Actual results may differ materially from those expressed or implied by these statements. Forward-looking statements are inherently subject to risks and uncertainties, some of which cannot be predicted or quantified.
Certain, but not necessarily all, of such forward-looking statements can be identified by the use of forward-looking terminology, such as “anticipate,” “believe,” “continue,” “could,” “estimate,” “expect,” “forecast,” “goal,” “intend,” “may,” “objective,” “plan,” “predict,” “projection,” “should” or “will” or the negative thereof or other comparable terminology. These forward-looking statements include, but are not limited to, statements about:
•our market opportunity and the potential growth of that market;
•economic trends;
•trends with respect to demand, interest rates and cancellation rates;
•our strategy, expected outcomes and growth prospects;
•trends in our operations, industry and markets;
•our future profitability, indebtedness, liquidity, access to capital and financial condition; and
•our integration of companies that we have acquired into our operations.
We have based these forward-looking statements on our current expectations and assumptions about future events based on information available to our management at the time the statements were made. While our management considers these expectations and assumptions to be reasonable, they are inherently subject to significant business, economic, competitive, regulatory and other risks, contingencies and uncertainties, most of which are difficult to predict and many of which are beyond our control. Therefore, we cannot assure you that actual results will not differ materially from those expressed or implied by our forward-looking statements.
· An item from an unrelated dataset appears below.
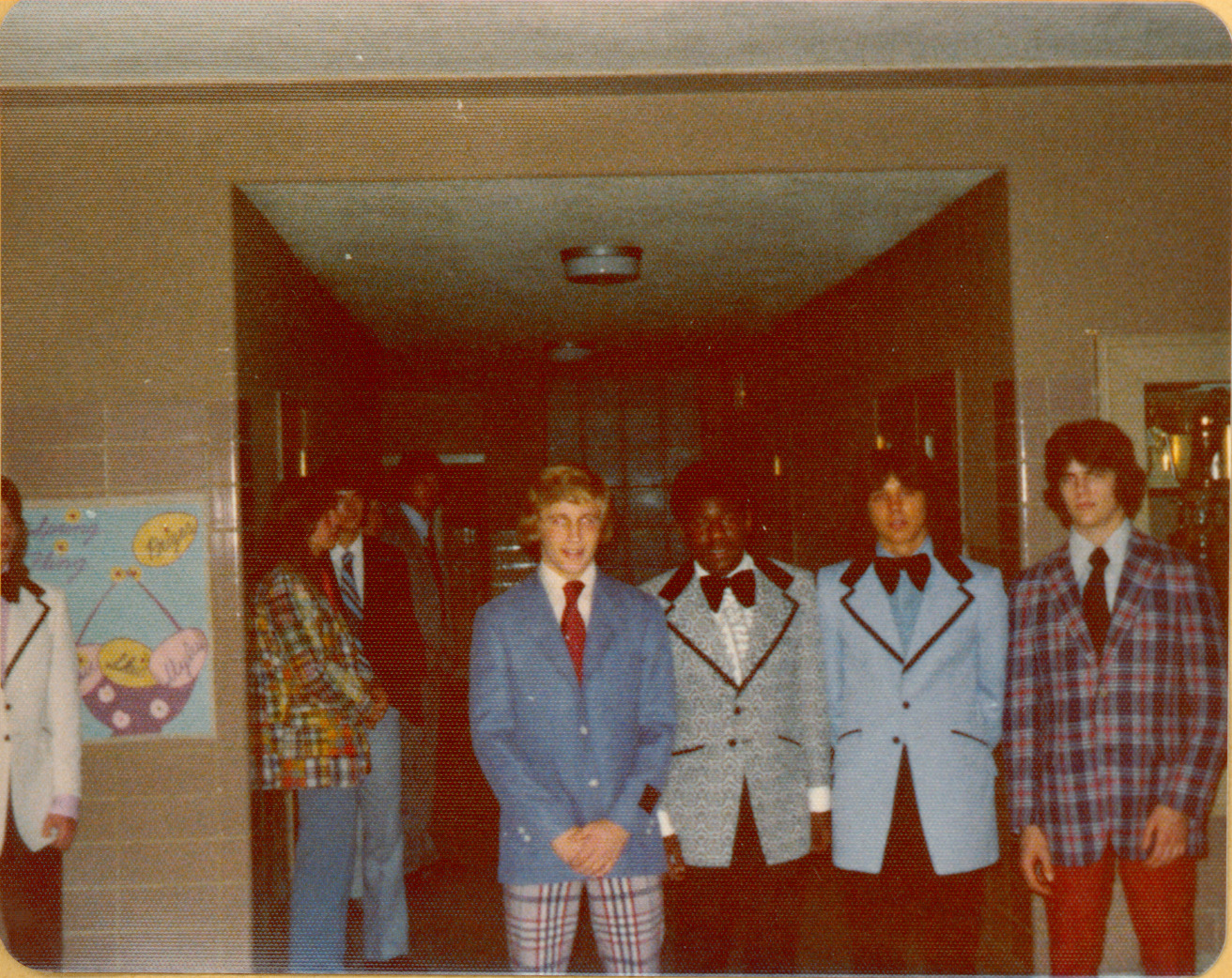 Worthington High School students are pictured modeling fashions that would be featured in the 1974 "Spring Fling" pre-prom style show. The event, sponsored by the Activity Club featured a fashion show, stage band, vocal groups, thespian skit, and door prizes. Models were Dean Blythe, Jeff Brown, Doug Burkhart, David Cavanaugh Jr., Aaron Combs, Mike Fluellen, Kevin Foley, Sylvia Harding, Sally Haywood, Jeff Knight, Linda Latimer, Lynne Livingston, Ross Long, Kay Morrison, Gayle Parkhill, Lisa Roby, Robin Rogers, Mary Scott, Tom Semans, Mark Stevens, John Strickland, Sheri Simcox, Barbara Warner, and Patt Whitehead.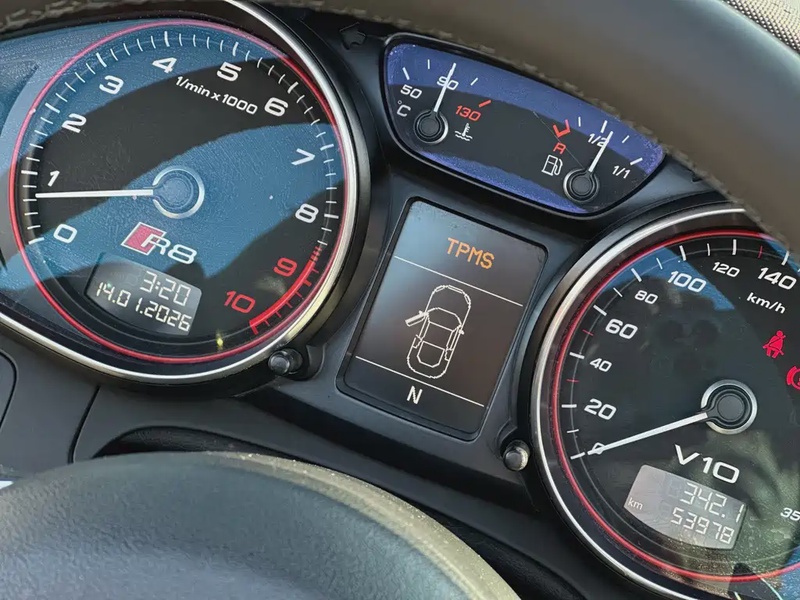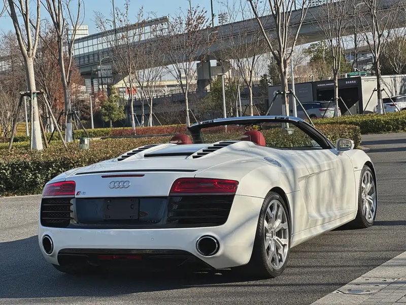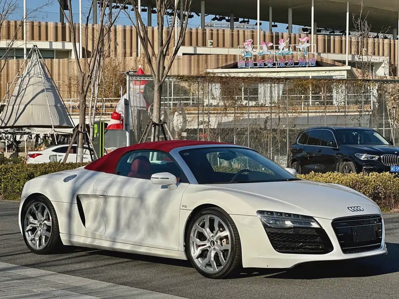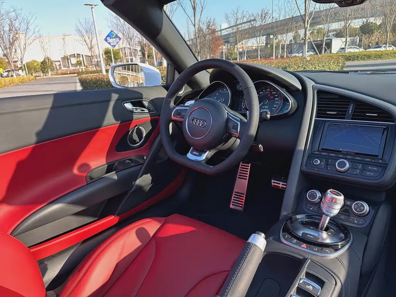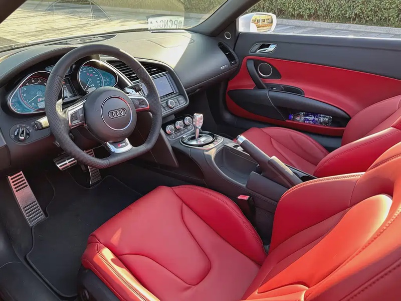 Автомобиль Audi R8 2014 года выпуска представлен в спортивном кузове Spyder с мягкой складной крышей. Модель оснащена бензиновым двигателем V10 объёмом 5,2 литра, который работает в паре с 7-ступенчатой роботизированной коробкой передач с двойным сцеплением и системой полного привода quattro. Комплектация включает высокопроизводительные характеристики: мощность 525 лошадиных сил, разгон до 100 км/ч за 3,8 секунды и максимальную скорость 311 км/ч. Привод — постоянный полный (AWD). По данным пробега автомобиль прошёл около 50 тыс. км, что для модели этого класса указывает на умеренную эксплуатацию, вероятно, в смешанных городских и загородных условиях. Состояние автомобиля оценивается как хорошее: отсутствуют данные о кузовных повреждениях или страховых случаях, что свидетельствует об аккуратной эксплуатации и сохранности основных элементов. Интерьер двухместного салона, типичный для спорткаров, вероятно, поддерживается в надлежащем состоянии без серьёзных износов. С учётом страны происхождения — Китай — условия хранения и обслуживания могли соответствовать стандартам производителя. Автомобиль находится в Китае и доступен к покупке с последующей доставкой в Россию.

We caution you that these forward-looking statements are subject to a number of risks, uncertainties and other factors that could cause actual results to differ materially from what is expressed or implied in such forward-looking statements. These risks include, but are not limited to, the risks described under “Risk Factors” in our Annual Report on Form 10-K for the fiscal year ended December 31, 2022. Should one or more of such risks or uncertainties occur, or should underlying assumptions prove incorrect, our actual results and plans could differ materially from those expressed in any forward-looking statements.
All forward-looking statements, expressed or implied, included in this Quarterly Report on Form 10-Q are expressly qualified in their entirety by this cautionary statement. This cautionary statement should also be considered in connection with any subsequent written or oral forward-looking statements that we or persons acting on our behalf may issue.
Except as otherwise required by applicable law, we disclaim any duty to update any forward-looking statements, all of which are expressly qualified by the statements in this section, to reflect events or circumstances after the date of this Quarterly Report on Form 10-Q.
Inflation
Inflation in the United States materially increased during the year ended December 31, 2022, and has continued to remain at an elevated level through the first quarter 2023. To combat these inflationary pressures, the Federal Reserve raised interest rates during 2022 and has continued to increase interest rates into early 2023.
Our operations may be negatively impacted by inflation due to increasing construction, labor, materials as well as land acquisition and financing costs. Inflation can also result in rising mortgage interest rates, which can, in turn, substantially limit the ability of a typical homebuyer, relying on mortgage financing, to purchase a new home. Through the period ended March 31, 2023, although there were increases in the cost of labor and materials, these additional costs were outpaced by price increases in home closings, and as such, did not have a material impact on our gross margins.